» **YOUR INSTRUCTIONS**: Between the line containing "(1995-2003) 2001 |" and the line containing "escapes into laughter." lies a run of lines; give that run again exactly, with both of those lines, and nothing else from the entries below.

» **RECORDS FOR THIS TASK**:
[Start of Attachment]

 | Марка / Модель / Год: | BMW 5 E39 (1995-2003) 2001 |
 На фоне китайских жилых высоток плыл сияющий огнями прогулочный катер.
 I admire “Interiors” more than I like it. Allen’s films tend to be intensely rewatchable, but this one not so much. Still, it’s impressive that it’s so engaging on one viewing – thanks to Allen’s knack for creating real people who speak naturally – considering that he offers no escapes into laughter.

[End of Attachment]
[Start of Attachment]

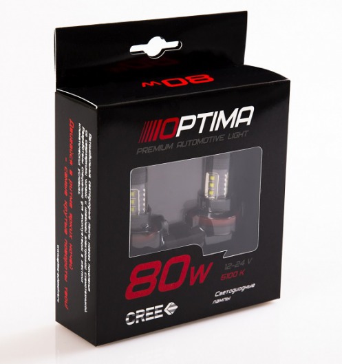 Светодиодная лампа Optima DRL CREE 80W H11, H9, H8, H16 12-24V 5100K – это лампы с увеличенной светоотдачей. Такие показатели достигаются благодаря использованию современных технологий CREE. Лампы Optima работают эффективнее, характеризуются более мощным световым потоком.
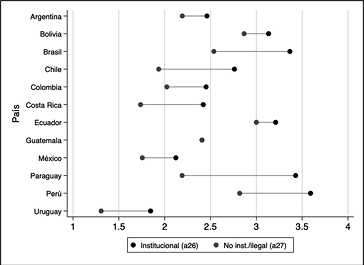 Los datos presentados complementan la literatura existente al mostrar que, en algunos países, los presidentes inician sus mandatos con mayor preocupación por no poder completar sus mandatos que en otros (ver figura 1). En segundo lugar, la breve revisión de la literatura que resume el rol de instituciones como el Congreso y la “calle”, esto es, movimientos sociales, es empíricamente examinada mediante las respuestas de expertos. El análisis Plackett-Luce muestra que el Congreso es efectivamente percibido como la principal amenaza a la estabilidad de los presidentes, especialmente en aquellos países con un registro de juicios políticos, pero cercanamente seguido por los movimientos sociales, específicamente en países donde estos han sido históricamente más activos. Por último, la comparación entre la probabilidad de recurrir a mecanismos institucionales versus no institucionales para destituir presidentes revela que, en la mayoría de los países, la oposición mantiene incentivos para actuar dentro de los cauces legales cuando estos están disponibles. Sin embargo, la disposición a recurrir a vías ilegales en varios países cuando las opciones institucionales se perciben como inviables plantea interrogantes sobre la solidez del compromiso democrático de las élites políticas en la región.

[End of Attachment]

» **ANSWER SPACE**:
 | Марка / Модель / Год: | BMW 5 E39 (1995-2003) 2001 |
 На фоне китайских жилых высоток плыл сияющий огнями прогулочный катер.
 I admire “Interiors” more than I like it. Allen’s films tend to be intensely rewatchable, but this one not so much. Still, it’s impressive that it’s so engaging on one viewing – thanks to Allen’s knack for creating real people who speak naturally – considering that he offers no escapes into laughter.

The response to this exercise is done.